Whether through paper statements or online, you should be able to get access to your short and long term performance through your brokerage account. Online access is obviously easier, but you have to be careful that you don’t become obsessed with checking it every single day. One nice thing about keeping your paper statements is that you can sit down with 12 months or even several years of statements and look back at how your money has performed.
You don’t actually gain or lose any money on an investment until you sell some shares and realize your profit or loss. When you sell some of your investments you’ll need to know their cost basis come tax time so you can report it to the IRS. Your investment company is the best place to get this information, starting this year brokerages are required to report cost basis to you and the IRS for any stocks you sell. The following year they’ll have to report it for ETFs and mutual funds – the year after that for options.
Free Portfolio Tracking Sites
What if you aren’t using just one brokerage? What if you want to track your 401k, your Roth IRA, and an old 403b that you never rolled over? One brokerage firm may not be able to handle tracking investments you don’t have with them. Thankfully there are a wide array of free tools online where you can enter your portfolio positions and track them that way.

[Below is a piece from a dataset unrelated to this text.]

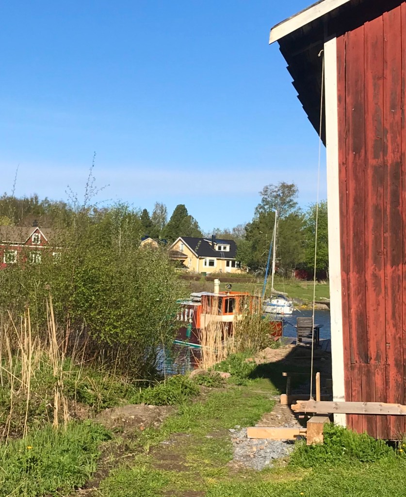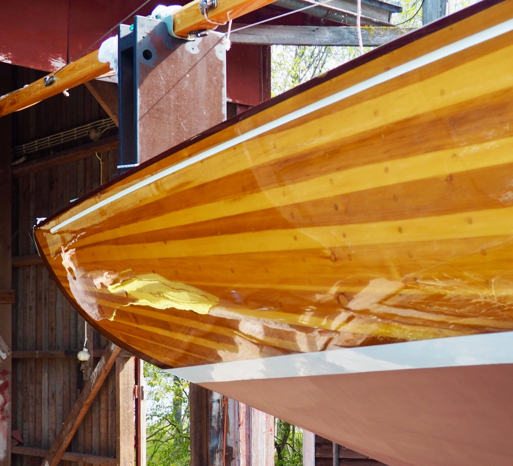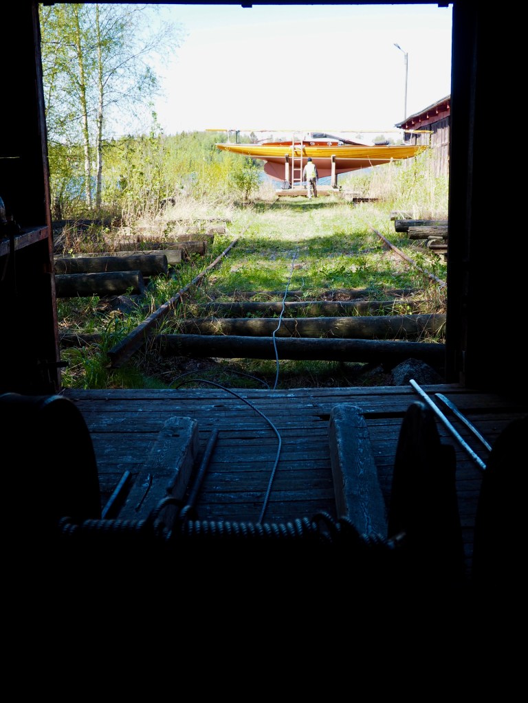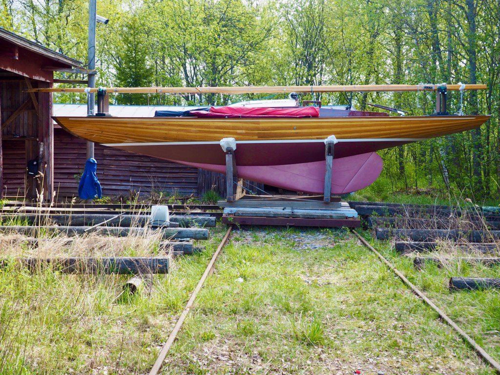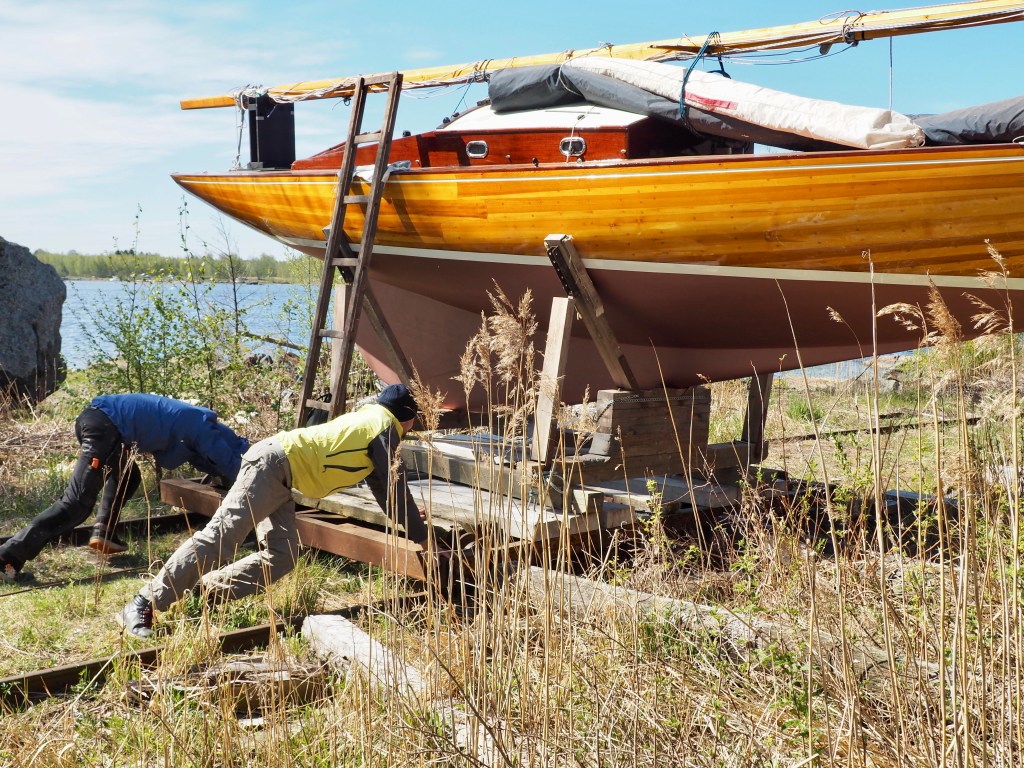 Därpå följande dag, torsdag den 28.5. är solig fast nordanvinden är kylig. På båtvarvet ser jag att salongsbåten är sjösatt.

Of course the downside of this option is that you have to setup the account and enter all your investment information to get started. Any new investments won’t be automatically added to be tracked, you’ll have to remember to enter those.

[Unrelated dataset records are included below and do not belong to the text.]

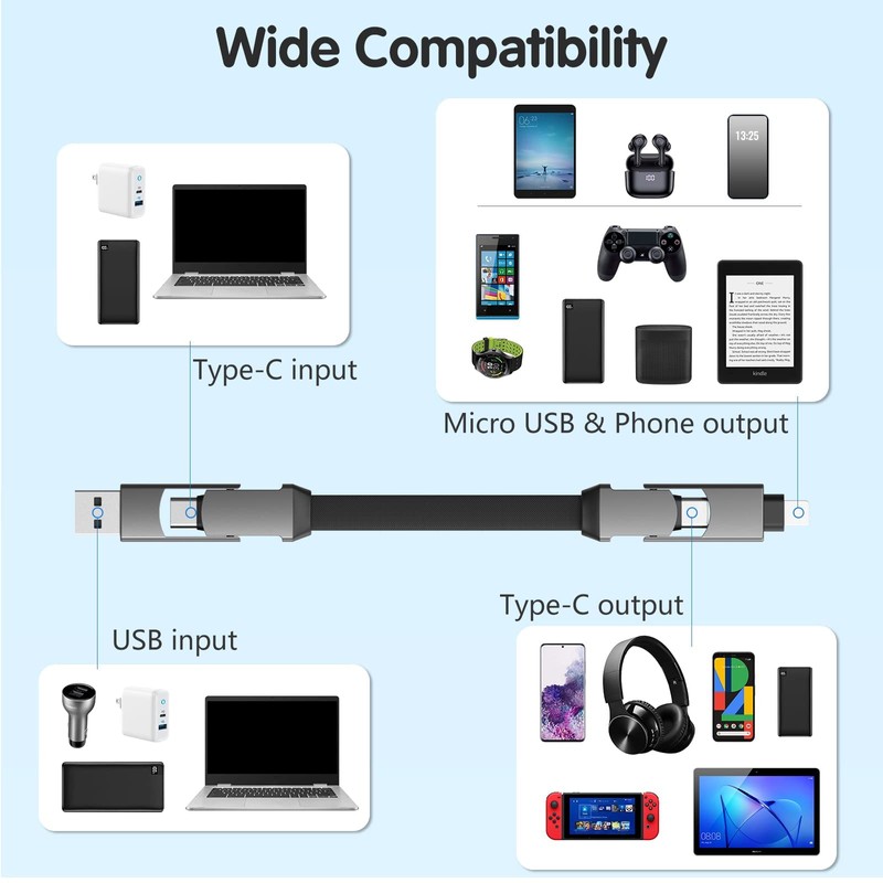 - 6 in 1 Multi Charging Cable has 6 kinds of cable input and outputs (USB A and USB C, Micro USB, LT input). Charge your device quickly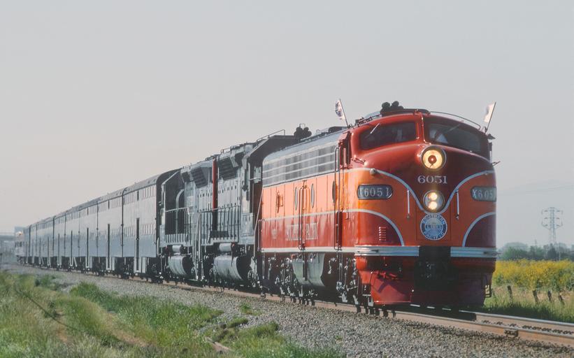 Keywords: southern pacific southernpacific railroad vehicle train locomotive outdoor Location not determined. The Southern Pacific ran two passenger specials from San Jose to Sacramento and return on the weekend of April 27 and 28, 1985. One on each day. On Sunday 6051 remained in Sacramento to become an artifact at the California State Railroad Museum. I'm pretty sure Roger shot the Saturday morning train to Sacramento. He put no captions on these slides. Some of the locations have been positively identified by landmarks. A few are a little soft or unknown. The power was E9A 6051 and commuter SDP45s 3201 and 3207. A Roger Puta Photograph Location not determined. The Southern Pacific ran two passenger specials from San Jose to Sacramento and return on the weekend of April 27 and 28, 1985. One on each day. On Sunday 6051 remained in Sacramento to become an artifact at the California State Railroad Museum. I'm pretty sure Roger shot the Saturday morning train to Sacramento. He put no captions on these slides. Some of the locations have been positively identified by landmarks. A few are a little soft or unknown. The power was E9A 6051 and commuter SDP45s 3201 and 3207. A Roger Puta Photograph Location not determined.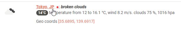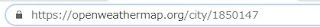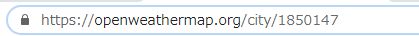 また、天気予報を表示する都市を指定するのにCity IDが必要です。City IDは一覧表(約3.8MBのテキストデータ)か、OpenWeatherのHPで下記のように都市名検索を行った際のURLでもわかります。

Many of the major financial publications offer some form of free portfolio tracking. You can track your investments in varying degrees of detail on Kiplinger.com, SmartMoney.com, Money.com, and Money.MSN.com. Both Google and Yahoo have finance sections where you can setup your portfolio and track it’s performance.
Something neat, but kind of spooky, I noticed about Google Finance – it remembers the ticker symbols you’ve looked up using the search engine and shows you the latest quotes for those stocks, mutual funds, or ETFs.
Two tracking services that are free but offer more functionality than the ones mentioned so far are Yodlee Moneycenter and Mint.com.
Premium Investing Websites
There are premium websites such as Morningstar where you can not only enter your investment positions and track them, but you’ll get overall advice on the quality of those investments. Morningstar rates mutual funds and individual stocks. You’ll be able to dig deep on the fundamentals of a company to decide whether or not it belongs in your portfolio.
Investment Tracking Software
Although the web has made it easy to track your portfolio online and have investing data at your fingertips many people still like to use a basic spreadsheet to keep track of their investments. Microsoft Excel actually has a whole library of financial formulas you can use if you want to run your own numbers on your investments. (If you don’t want to pay for Excel you can use the spreadsheet in OpenOffice or use the free web-based spreadsheet in Google Docs).
Intuit, who runs Mint.com, also has some popular personal finance software for the desktop you can use to track your investments. While you can use Intuit’s QuickBooks to keep tabs on your investments most people are probably better off using Quicken. Quicken is cheaper than QuickBooks and is geared more towards the average investor.